MontuckyMan  [Member]
1/28/2007 8:35:12 PM EDT
I'd love to keep the ammo in the closet, but no room. Between my stuff and my woman's leaves me no room for closet storage. I used to keep it all in the closet for years and I have never had a problem. Now it is in temps down to -30 and lower sometimes. Any other replies from people living in cold weather climates would be great. I figure at least it's off the cement floor on the pallets. Thanks
MontuckyMan  [Team Member]
1/29/2007 7:53:26 PM EDT
Partner Content
chrome1  [Team Member]
1/29/2007 8:28:04 PM EDT
I don't know about long term , but I've had ammo in the trunk
of my car for over a month in temps that ranged from +20 to -20
without any ill effects .
Ryan1021  [Member]
1/29/2007 9:53:19 PM EDT
The ammo I stored in the garage in ammo cans during last winter fired without a problem in the spring, summer, and fall. Now I am sure Southwestern Ohio probably does not get as cold, but we do get fairly cold weather here.
WMHM4  [Team Member]
1/30/2007 4:23:16 AM EDT
as satated above I don't see cold weather being a problem but I would be more concerned with moisture from hot weather.
pyro6988  [Team Member]
1/30/2007 4:53:29 AM EDT
it will be fine as long as it stays dry.
Verk  [Team Member]
1/30/2007 4:59:37 AM EDT
I believe the key to extended ammo storage is a somewhat constant temperature and low humidity. I have shot ammo that has been stored in a constant environment that was over 25 years old with not a single misfire.

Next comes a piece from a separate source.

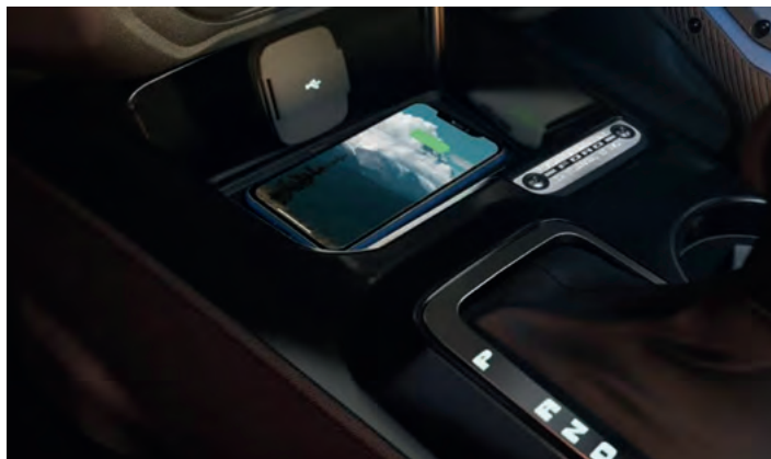
BEZPRZEWODOWA ŁADOWARKA DO SMARTFONÓW Standard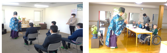
△ 安全祈願祭 各ユニット祈願して頂きました

I think short term, it will not be a problem but over time it very well could be an issue. With ammo prices nowadays, I would consider storing as much of it as you can in a somewhat controlled environment if at all possible. Good luck.
ranchhand  [Member]
1/30/2007 2:46:42 PM EDT
I bring mine in, spread it out, leave it inside for a couple of days to dry out any moisture (humidity is very low indoors in the winder) then repack it in sealable ammo cans. It can take normal garage extremes then. I packaged some this way 15 years ago that is still bright without any tarnishing, it looks new.
MontuckyMan  [Team Member]
1/31/2007 9:36:02 AM EDT
Thanks for the replies all!!

We'll for now it's going to stay in the garage, since I have no other place to store it at the moment. I'll keep you all posted on the long term storage in the cold here in Montana.

KnobCreek  [Team Member]
1/31/2007 9:50:37 AM EDT
I had this "article" saved on my computer from awhile ago. Can't remember the source but I believe it touches on much of what's been recommended.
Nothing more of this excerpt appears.